A hair is born from a root buried deep in the follicle under the skin. In the dermis the living tissue of the true skin, nerve endings coil around blood vessels while sweat glands snake up to the epidermis. Hair is built from a tough protein called keratin. The hair itself is layered, the cuticle or covering, the cortex which provides strength or pigment, and the innermost layer – the soft, fragile marrow called the medulla. The hair root is nourished by blood, the ground water of the dermis and hormones, the chemical messengers that fertilise growth. As the hair awakens in the growing phase it pushes up through the skin breaking the surface.
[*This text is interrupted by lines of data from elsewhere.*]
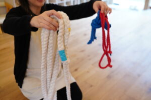 こうやって縄を上下や左右に動かしてへびを作ろう✊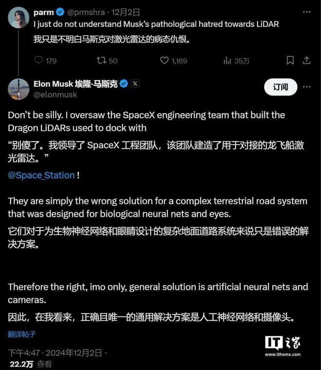 IT之家12 月 3 日消息,在自动驾驶领域,特斯拉坚持以纯视觉为核心的感知系统,甚至已在旗下所有车型中取消了毫米波雷达,选择完全依赖摄像头与人工神经网络来实现自动驾驶。特斯拉 CEO 埃隆・马斯克近期再次公开批评激光雷达,称其为“错误的解决方案”,并重申了其一贯的观点:在复杂的道路驾驶环境中,模拟生物神经网络和眼睛的视觉系统,才是最为有效的方式。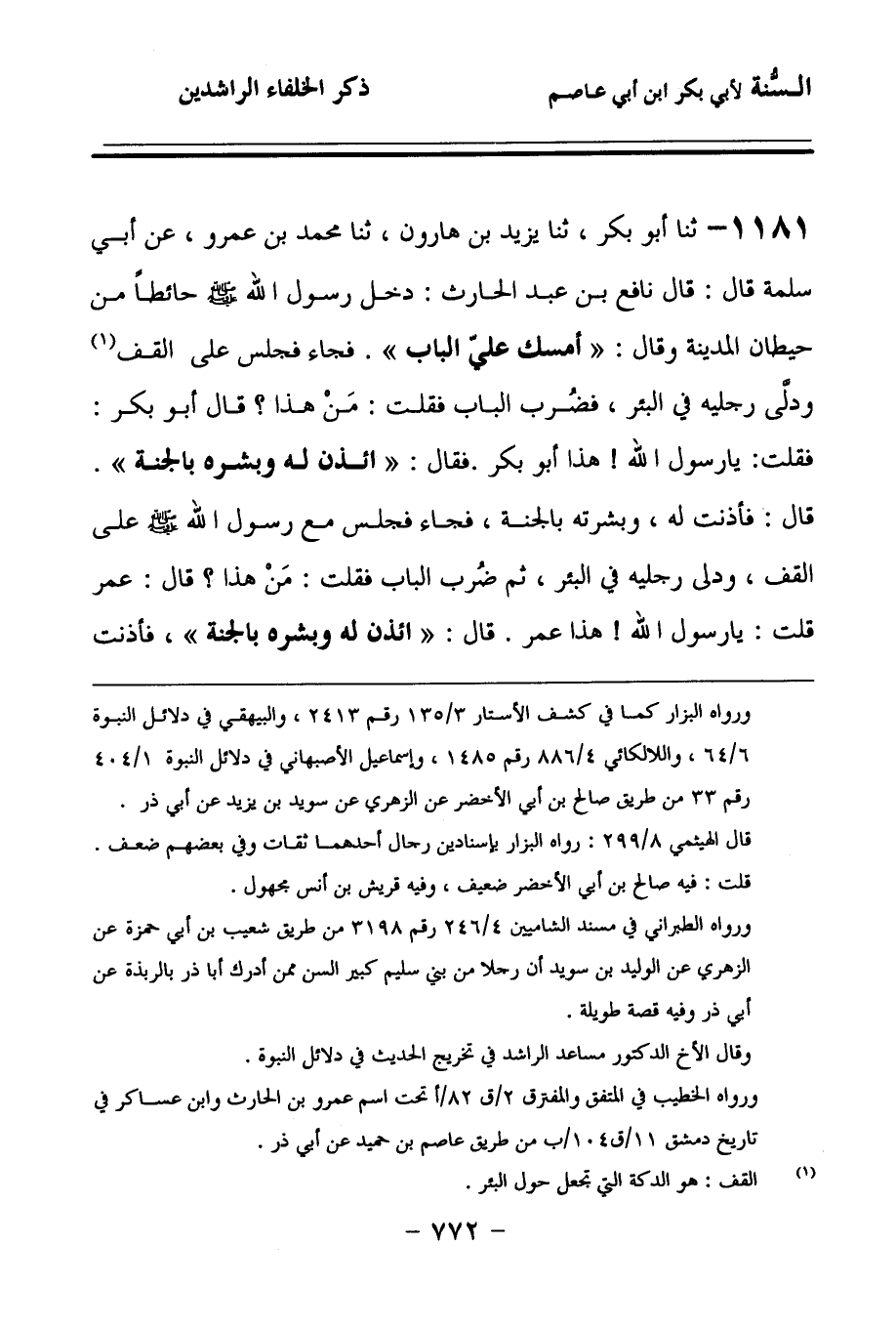 1181 - حَدَّثنا أَبُو بَكْرٍ، حَدَّثنا يَزِيدُ بْنُ هَارُونَ، حَدَّثنا مُحَمَّدُ بْنُ عَمْرٍو، عَنْ أَبِي سَلَمَةَ، قَالَ: قَالَ نَافِعُ بْنُ عَبْدِ الْحَارِثِ: دَخَلَ رَسُولُ اللهِ صَلى الله عَلَيهِ وسَلمَ حَائِطًا مِنْ حِيطَانِ الْمَدِينَةِ، وَقَالَ: أَمْسِكْ عَلِيَّ الْبَابَ، فَجَاءَ, فَجَلَسَ عَلَى الْقُفِّ, وَدَلَّى رِجْلَيْهِ فِي الْبِئْرِ، فَضُرِبَ الْبَابُ، فَقُلْتُ: مَنْ هَذَا؟ قَالَ: أَبُو بَكْرٍ، فَقُلْتُ: يَا رَسُولَ اللهِ, هَذَا أَبُو بَكْرٍ، فَقَالَ: ائْذَنْ لَهُ، وَبَشِّرْهُ بِالْجَنَّةِ، قَالَ: فَأَذِنْتُ لَهُ, وَبَشَّرْتُهُ بِالْجَنَّةِ، فَجَاءَ, فَجَلَسَ مَعَ رَسُولِ اللهِ صَلى الله عَلَيهِ وسَلمَ عَلَى الْقُفِّ, وَدَلَّى رِجْلَيْهِ فِي الْبِئْرِ، ثُمَّ ضُرِبَ الْبَابُ، فَقُلْتُ: مَنْ هَذَا؟ قَالَ: عُمَرُ، قُلْتُ: يَا رَسُولَ اللهِ, هَذَا عُمَرُ، قَالَ: ائْذَنْ لَهُ, وَبَشِّرْهُ بِالْجَنَّةِ، فَأَذِنْتُ لَهُ, وَبَشَّرْتُهُ بِالْجَنَّةِ، فَجَاءَ, فَجَلَسَ مَعَ رَسُولِ اللهِ صَلى الله عَلَيهِ وسَلمَ عَلَى الْقُفِّ, وَدَلَّى رِجْلَيْهِ فِي الْبِئْرِ، ثُمَّ ضُرِبَ الْبَابُ، فَقُلْتُ: مَنْ هَذَا؟ فَقَالَ: عُثْمَانُ، فَقُلْتُ: يَا رَسُولَ اللهِ, هَذَا عُثْمَانُ، قَالَ: ائْذَنْ لَهُ, وَبَشِّرْهُ بِالْجَنَّةِ، مَعَهَا بَلاَءٌ، فَأَذِنْتُ لَهُ, وَبَشَّرْتُهُ بِالْجَنَّةِ، قَالَ: فَجَاءَ, فَجَلَسَ مَعَ رَسُولِ اللهِ صَلى الله عَلَيهِ وسَلمَ عَلَى قُفِّهِ, وَدَلَّى رِجْلَيْهِ فِي الْبِئْرِ.

Then the follicle shrinks and the hair detaches from the root. While old hairs are resting new hairs begin to form. In the final stages the hair is gradually loosened, and cast off.
I was making a new zine – I typed it up on my red valentine type writer. Each letter embedding pigment in the soft cream paper. Over the years I had progressed from making fan zines about cats, to zines that were more personal but this one felt different. The words had formed within me, the memories scratched ingrained. The boy in primary school who had pointed out my monobrow right before school photos. The high school kid who had seen my beard hairs and exposed me yelling across the playground. All the names I had been called – hairy, ugly. I arranged the pages in order. In between I glued images of bearded ladies cut from a book about the circus. It hurt to look at them. Was that me now? A spectacle, a curiosity. Or would I become something else. I stroked my beard – the hairs now long and thick, my zine was almost ready to photocopy it just needed a name. I called it Lady Beard. The words encased the old irritancies in a lustrous cloak. Trasmuted, diagnosis had become distinction. I opened my hands and offered the pearl.